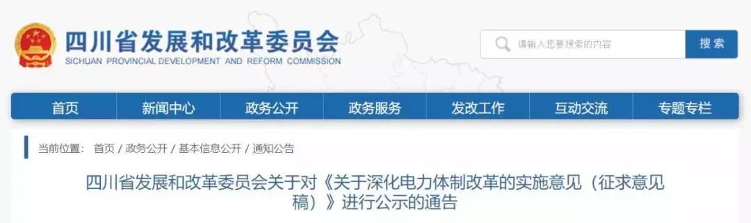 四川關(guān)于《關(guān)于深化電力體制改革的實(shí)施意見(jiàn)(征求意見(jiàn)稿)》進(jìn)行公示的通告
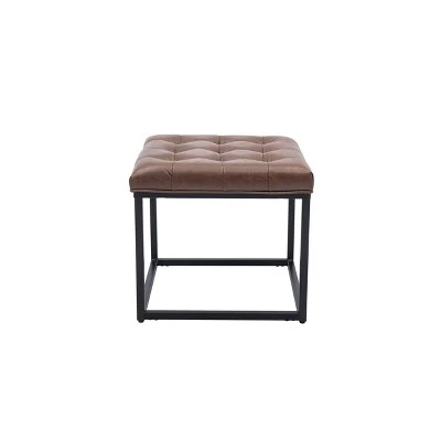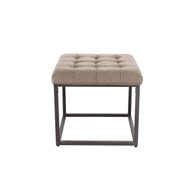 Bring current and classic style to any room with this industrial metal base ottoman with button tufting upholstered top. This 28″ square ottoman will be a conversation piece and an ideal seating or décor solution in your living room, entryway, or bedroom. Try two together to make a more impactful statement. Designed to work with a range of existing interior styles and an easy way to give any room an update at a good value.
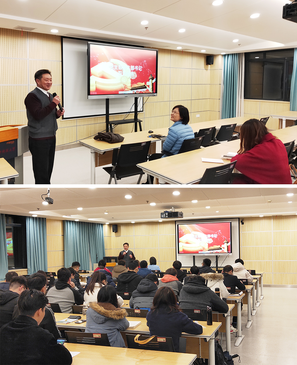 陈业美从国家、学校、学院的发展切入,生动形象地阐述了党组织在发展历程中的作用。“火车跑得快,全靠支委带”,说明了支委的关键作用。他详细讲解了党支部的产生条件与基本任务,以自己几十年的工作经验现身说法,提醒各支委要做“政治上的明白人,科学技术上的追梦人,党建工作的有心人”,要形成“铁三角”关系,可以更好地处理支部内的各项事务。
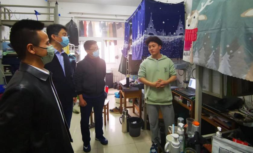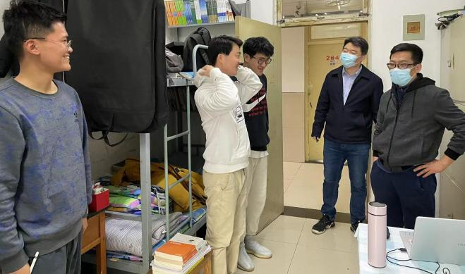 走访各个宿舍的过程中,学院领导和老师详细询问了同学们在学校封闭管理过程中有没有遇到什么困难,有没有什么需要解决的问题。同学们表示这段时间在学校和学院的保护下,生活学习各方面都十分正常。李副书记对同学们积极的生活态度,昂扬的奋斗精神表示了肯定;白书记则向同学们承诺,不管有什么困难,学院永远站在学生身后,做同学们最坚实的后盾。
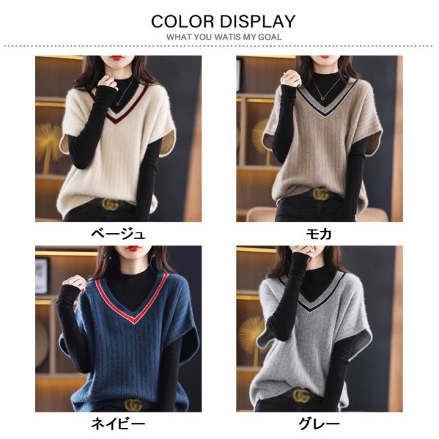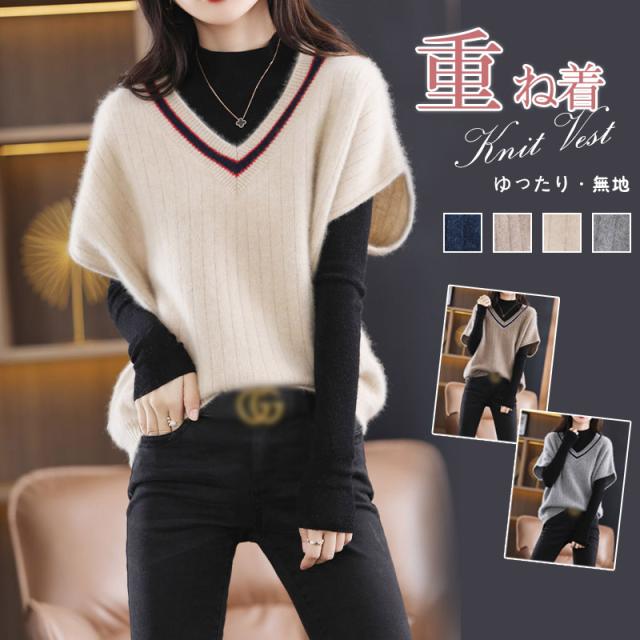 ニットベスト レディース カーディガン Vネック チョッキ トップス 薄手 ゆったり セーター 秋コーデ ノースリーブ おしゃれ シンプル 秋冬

What the task asks
Reproduce the preceding material exactly, skipping pictures.

Response to this task
 四川關(guān)于《關(guān)于深化電力體制改革的實(shí)施意見(jiàn)(征求意見(jiàn)稿)》進(jìn)行公示的通告
 Bring current and classic style to any room with this industrial metal base ottoman with button tufting upholstered top. This 28″ square ottoman will be a conversation piece and an ideal seating or décor solution in your living room, entryway, or bedroom. Try two together to make a more impactful statement. Designed to work with a range of existing interior styles and an easy way to give any room an update at a good value.
 陈业美从国家、学校、学院的发展切入,生动形象地阐述了党组织在发展历程中的作用。“火车跑得快,全靠支委带”,说明了支委的关键作用。他详细讲解了党支部的产生条件与基本任务,以自己几十年的工作经验现身说法,提醒各支委要做“政治上的明白人,科学技术上的追梦人,党建工作的有心人”,要形成“铁三角”关系,可以更好地处理支部内的各项事务。
 走访各个宿舍的过程中,学院领导和老师详细询问了同学们在学校封闭管理过程中有没有遇到什么困难,有没有什么需要解决的问题。同学们表示这段时间在学校和学院的保护下,生活学习各方面都十分正常。李副书记对同学们积极的生活态度,昂扬的奋斗精神表示了肯定;白书记则向同学们承诺,不管有什么困难,学院永远站在学生身后,做同学们最坚实的后盾。
 ニットベスト レディース カーディガン Vネック チョッキ トップス 薄手 ゆったり セーター 秋コーデ ノースリーブ おしゃれ シンプル 秋冬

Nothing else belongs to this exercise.